-- Collected data entries --
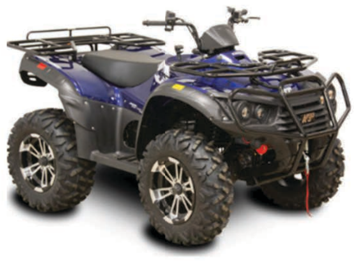
Recalled 2021 ARGO Xplorer XR 570 LE
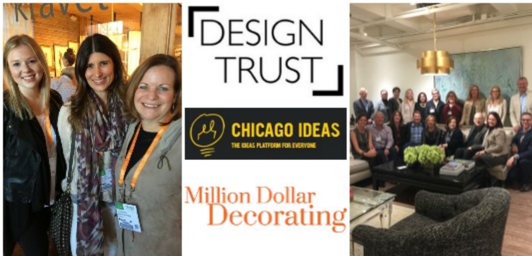
From upper left photos courtesy of: Sweet Peas Design, Design Trust, chicagoideas.com, milliondollardecorating.com, Sweet Peas Design
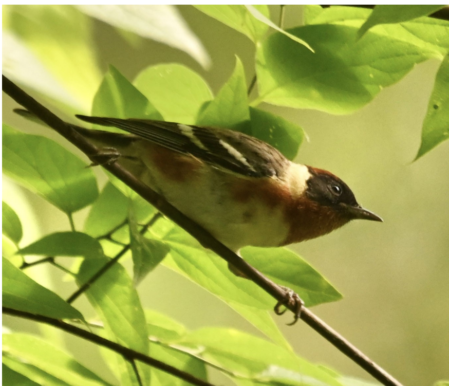
Bay-breasted Warbler

Bay-breasted Warblers are listed as low concern for conservation, but because they are uncommon and nest in largely remote areas, their population is difficult to track. They also specialize in eating spruce budworms, so their population rises and falls with the abundance of their favorite summer food. However, like many birds they are still considered to be in decline overall, with habitat loss and pesticide use being factors. Best of luck as you look for warblers to finish out the month!
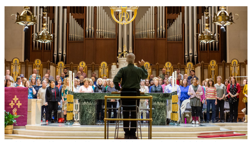
LexPhil in rehearsal for a nearly sold-out A Cathedral Christmas at the Cathedral of Christ the King.

Music education continues to be central to LexPhil's mission and we offer extensive education programs for children and students, directly impacting over 10,000 young people this year. Through our flexible "Music Builds" education platform, LexPhil works with numerous schools in central, southern and eastern Kentucky. Many students continue to have their
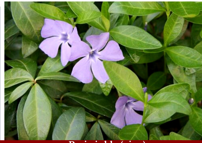
Periwinkle (vine) Vinca minor
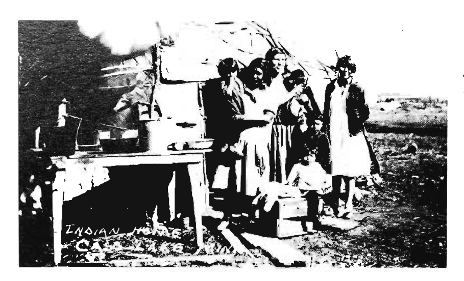
A LATE example from the 1930s of a locally issued card depicting the Ojibway in an indigenous setting

turing Ojibway in their daily dress and in indigenous settings, especially summer encampments, sugar camps, wild ricing areas, and local celebrations, remained popular until about 1935. Backgrounds were neutral, except when pictures were taken at an indigenous campsite where a bark tepee or wigwam stood prominently in the background. The style of posing remained unpretentious as well. After 1935, however, those cards increasingly resembled the ones produced by regional companies.
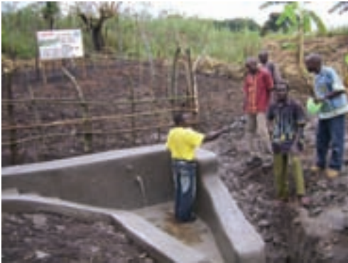
Spring Protection.

www.wsp.org/UserFiles/file/327200744509_saybetter.pdf
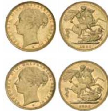
1230* Queen Victoria , 1885 and 1886 Melbourne (McD 169c, 171). Good extremely fine. (2)

Private purchases from Monetarium in 25/11/89.
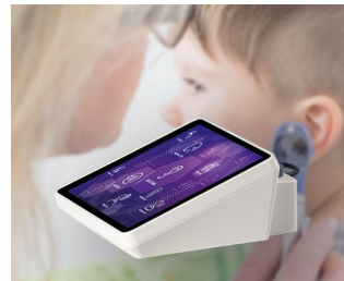
Hearing test device
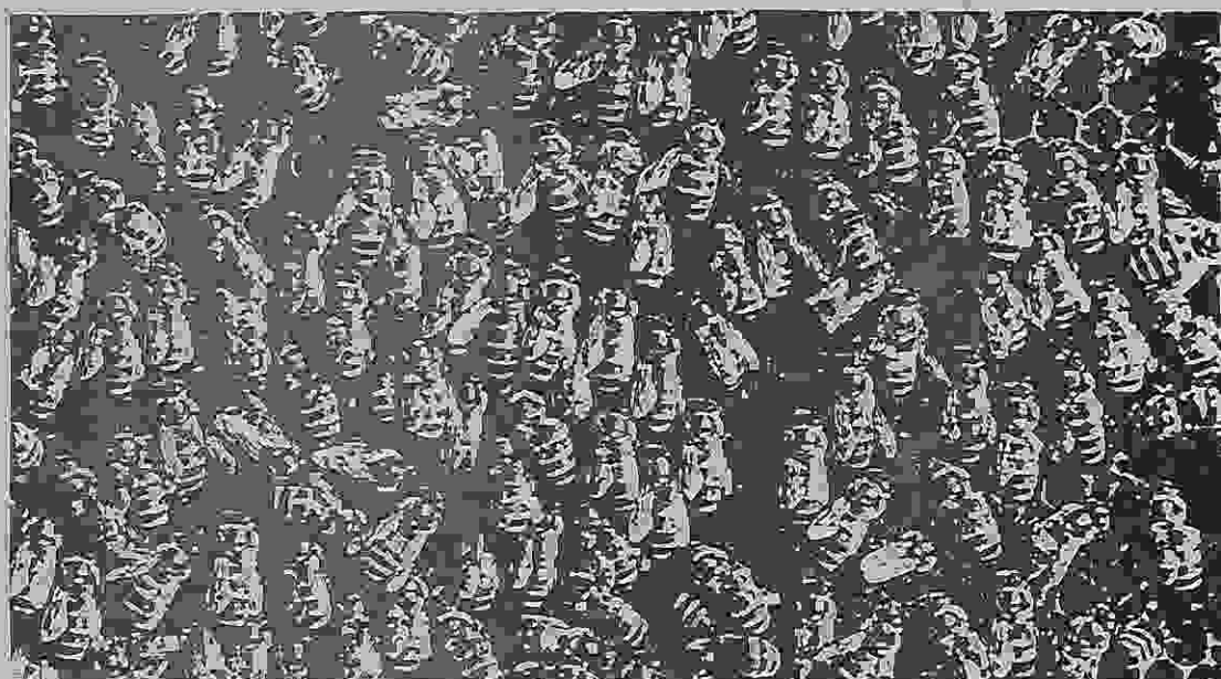
Honey bees on a comb, as seen through the glass of an observation hive. Artificial insemination may permit genetic improvement of the honey bee. (0962X) 130-19

Inbreeding may cause shot brood, a situation in which the colony loses some of its viability because fewer than normal numbers of fertilized eggs develop into workers. Instead, many of the fertilized eggs develop into abnormal bees known as diploid males—
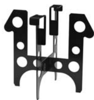
One Gallon Adapter for mixing round or square one gallon containers (sold separately)
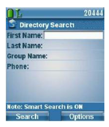
Figure 2-2 Quick Connect Directory Search Screen

Step 6 Select Search to search the global directory and display the results (Figure 2-3).
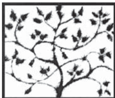
pacific school of religion

Pacific School of Religion (PSR) is committed to serving God by equipping historic and emerging faith communities for ministries of compassion and justice in a changing world. We affirm our historic mission to educate men and women for ministry and other forms of religious leadership and to be a center and resource for Christian thought in an interfaith and pluralistic context. We affirm our ecumenical and Christian heritage and commitment as an open and affirming community that honors diversity and presses toward racial, gender, sexual orientation, and economic justice. PSR's commitments find expression in innovative programs of scholarship and education for clergy and laity. Strong faith communities require an integration of faith and reason, theory and practice, piety and critical intellect, tradition and creativity. We seek to embody these values and disciplines in our programs and our common life. [To read the complete mission statement, go to www.psr.edu.]
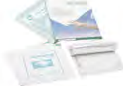
SG22 - Paraffin Gauze Size: 5x5cm, 7.5x7.5cm, 10x10cm, 10x20cm, 20x20cm, etc. Color: white, yellow. Material: gauze + vaseline, etc.
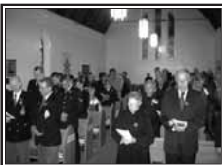
In spite of the bad weather a large crowd attended Remembrance Day services in the church.
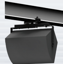
U-Bracket Mounting Option

Mounting options require that the Swivel Arm is 2-4" less than the speaker dimension.
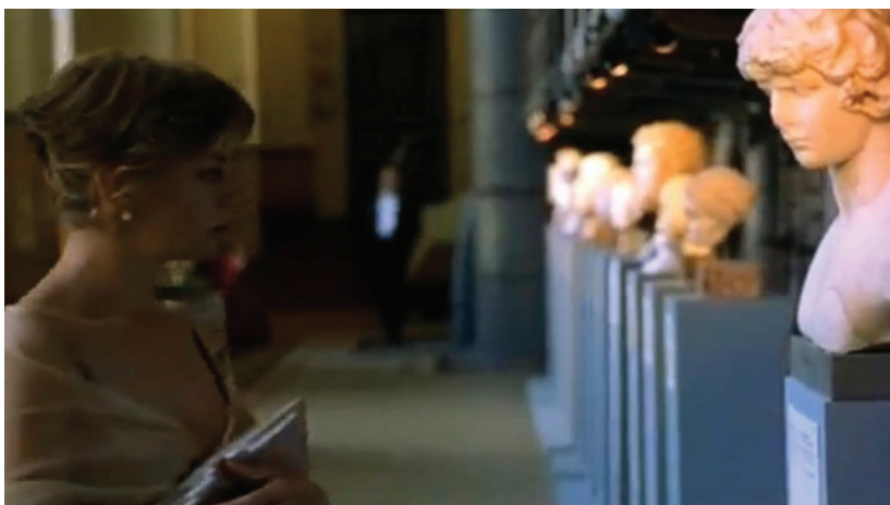
Figure 6. Antonia in Ferzan Özpetek's La fate ignoranti (2001).
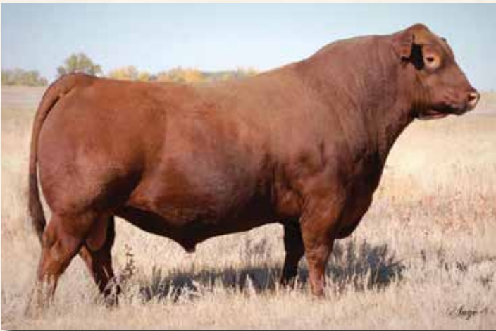
RED U-2 AUTHENTIC 139A, SIRE TO LOTS 64 & 64

HRR Blockkana 232 is a full sister to the HRR Blockkana 264. She weaned off an above average bull calf with a lighter birthweight than her sister. The RED U-2 Authentic139A daughters have good feet and udders.
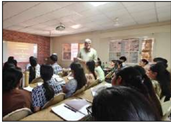
WORKSHOP ON CRAFT OF TRANSLATION
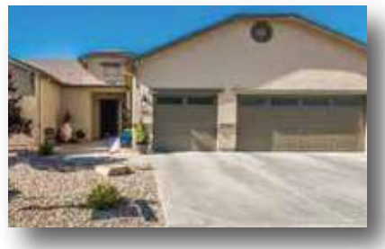
6368 Jaden Lane Granville $425,000 MLS#1012653

1004 N Wide Open Trail Stoneridge $470,000 MLS#1010919
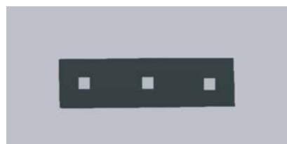
Flat Hinge Backer Plate
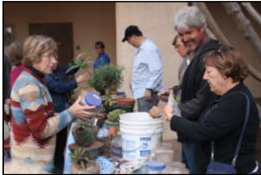
After the Workshop
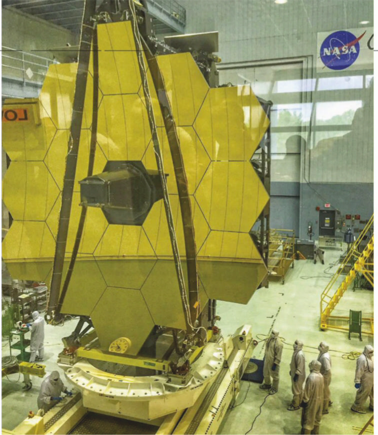
ABOVE Launching in 2021, the James Webb Space Telescope will tell us more about exoplanets, their atmospheres and their potential for hosting life

The seasons could be vastly different, too. Many planets have much shorter orbital periods than the Earth’s 365.25 days, speeding up seasonal changes to weeks or days rather than months. Some planets have more elliptical orbits that would make seasons much more
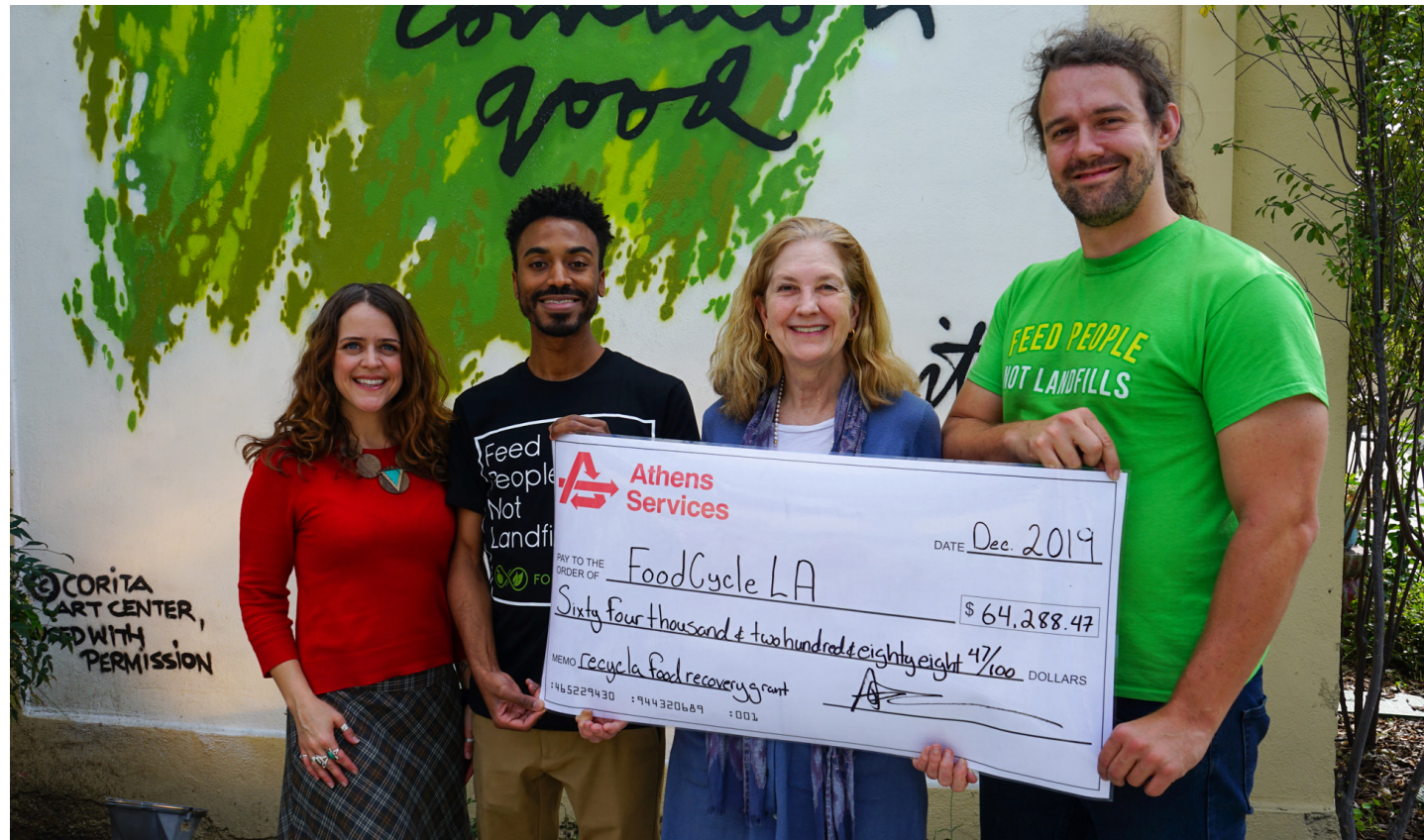
FoodCycla LA and Athens Services work together to ensure that edible food stays out of landfills and that no child goes hungry in our community.

Athens Services donates financial resources to advance the work of local nonprofit groups throughout Southern California. In 2021 alone, we contributed to approximately 200 different organizations and events throughout our expansive service area that spans Los Angeles, Ventura, Riverside, Orange, and San Bernardino Counties. Recipients included Boys & Girls Clubs, youth sports leagues, environmental organizations, business advocacy groups, hospitals and healthcare centers, education foundations, arts organizations, and many more. It's all part of being a good neighbor and a relentless advocate for the people and organizations we serve in Southern California.
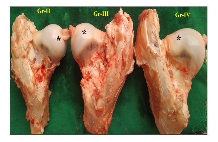
Fig. 2: Photograph showing saddle shaped AC (*) on the femoral head in Groups – II, III and IV buffalo specimens

dog, ox and horse; Kobrynczuk (1976) in European bison; Dyce et al. (2010) in domestic animals and Supriya et al. (2014) in buffalo calves. They opined that femoral head AC blended peripherally with epiphyseal cartilage and it covered the surface of the neck, merging into cartilaginous structure of the trochanter on the outside in fetuses and newborns, whereas in adults it covered only the surface of head except for its fovea.
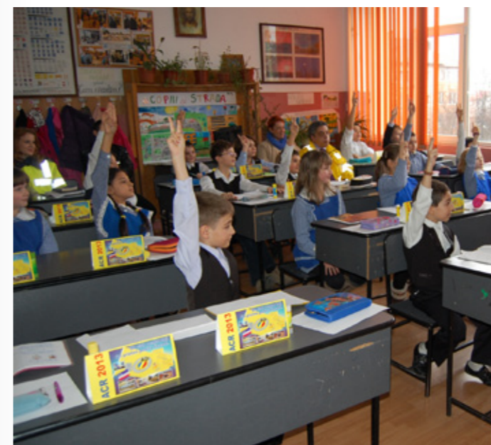
The ACR aims to set up 40 Road Safety labs in schools across Romania.

Automobile Club du Grand-Duche de Luxembourg
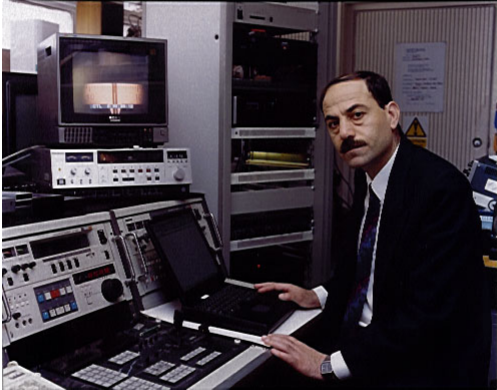
Fig. 2 Laboratory data processing

Video imagery using frame analysis is selected and the time data is extracted with the aid of a microcomputer, “laptop”, see Fig. 2. After processing the time data, it is used in a rigorous mathematical model and processed by least square techniques, which lead to high quality solutions and statistical assessments.
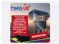
Business Directory Ar... Album Cover
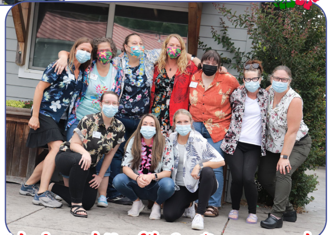
Admin and Health Center peeps who dressed up for Hawaiian Shirt Day!
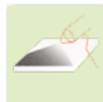
Overlac- quering/ Varnishing
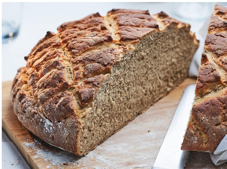
Image: Comparison of FineCreamer whisks and kneading hooks, showing their applications for light batters/creams and heavy doughs respectively. The image shows whipped cream cupcakes and a loaf of bread.
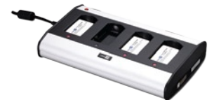
4-slot Battery Charger
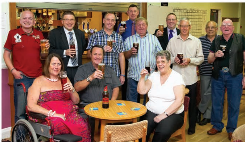
TEAMWORK: Committee and members alike are working to secure the future of their club
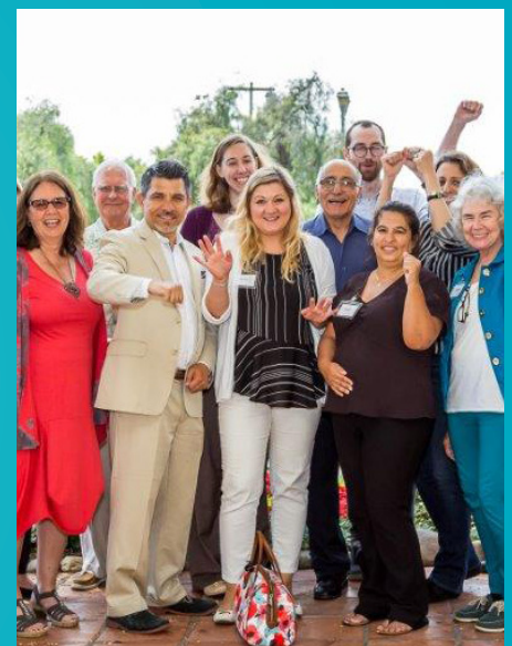
Survivors of Torture, International

Read the full report online: LiveWellSDPartnersReport.org
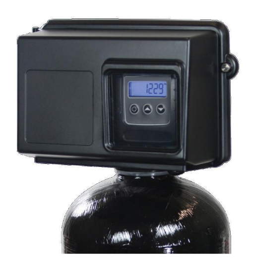
Fig 1 - AIO 2510 SXT Control Valve, Front View

The Air Charger AIO Filter, when properly applied, is an efficient and cost effective system for the removal of iron and Iron. The AIO control valve maintains a compressed "air pocket" in the top of the tank while the system is in service. As the water passes through the air pocket, iron and Iron are oxidized. Additionally, dissolved oxygen is added to the water. The Air Charger AIO filter media bed then removes the iron and Iron from the water.
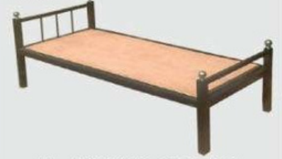
Size: L6' xW2½' & L6' xW3'
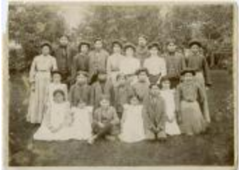
Indian children from Fisher River, Portage la Prairie Indian Boarding School (13d-c5713-d38)
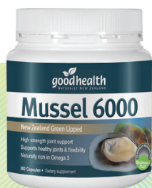
Mussel 6000 綠唇貽貝 6000膠囊
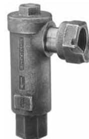
Top entry dual check valve (dual angle check also available; not shown)
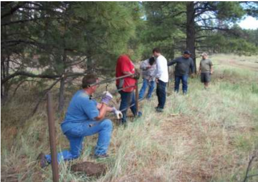
Constructing new pipe fence
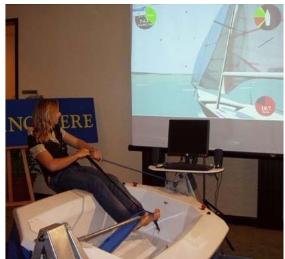
Fig. 4 Vsail's Yacht Simulator
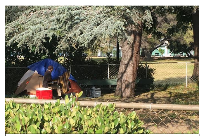
Mosswood Park, Gated Play Area Left of Moss House June 6, 2018
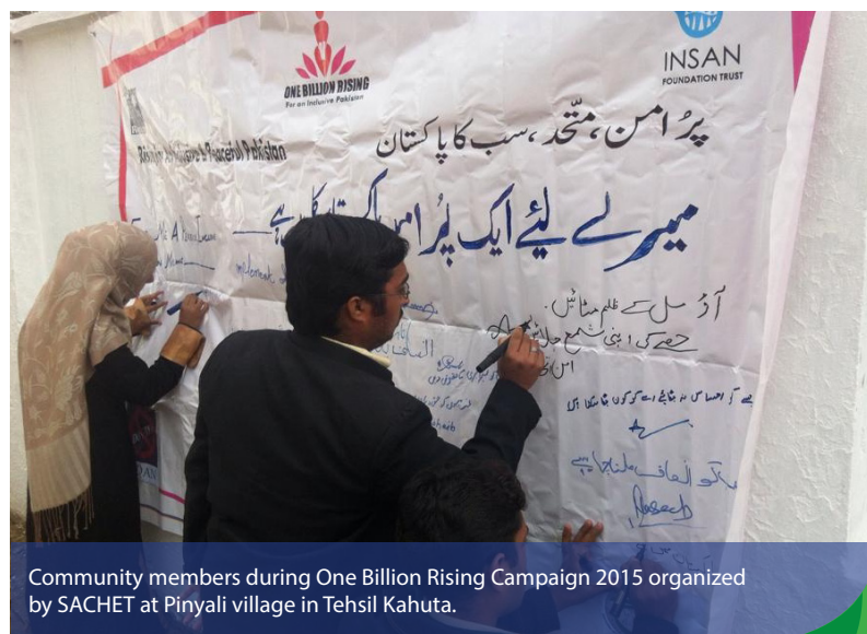
Community members during One Billion Rising Campaign 2015 organized by SACHET at Pinyali village in Tehsil Kahuta.

-- EXERCISE --
Copy nothing but the lines above from the one with "1004 N Wide" to the one with "Fig. 2 Laboratory data processing", inclusive, word for word. Leave every picture out.

-- ANSWER FOR THE TASK --
1004 N Wide Open Trail Stoneridge $470,000 MLS#1010919
Flat Hinge Backer Plate
After the Workshop
ABOVE Launching in 2021, the James Webb Space Telescope will tell us more about exoplanets, their atmospheres and their potential for hosting life

The seasons could be vastly different, too. Many planets have much shorter orbital periods than the Earth’s 365.25 days, speeding up seasonal changes to weeks or days rather than months. Some planets have more elliptical orbits that would make seasons much more
FoodCycla LA and Athens Services work together to ensure that edible food stays out of landfills and that no child goes hungry in our community.

Athens Services donates financial resources to advance the work of local nonprofit groups throughout Southern California. In 2021 alone, we contributed to approximately 200 different organizations and events throughout our expansive service area that spans Los Angeles, Ventura, Riverside, Orange, and San Bernardino Counties. Recipients included Boys & Girls Clubs, youth sports leagues, environmental organizations, business advocacy groups, hospitals and healthcare centers, education foundations, arts organizations, and many more. It's all part of being a good neighbor and a relentless advocate for the people and organizations we serve in Southern California.
Fig. 2: Photograph showing saddle shaped AC (*) on the femoral head in Groups – II, III and IV buffalo specimens

dog, ox and horse; Kobrynczuk (1976) in European bison; Dyce et al. (2010) in domestic animals and Supriya et al. (2014) in buffalo calves. They opined that femoral head AC blended peripherally with epiphyseal cartilage and it covered the surface of the neck, merging into cartilaginous structure of the trochanter on the outside in fetuses and newborns, whereas in adults it covered only the surface of head except for its fovea.
The ACR aims to set up 40 Road Safety labs in schools across Romania.

Automobile Club du Grand-Duche de Luxembourg
Fig. 2 Laboratory data processing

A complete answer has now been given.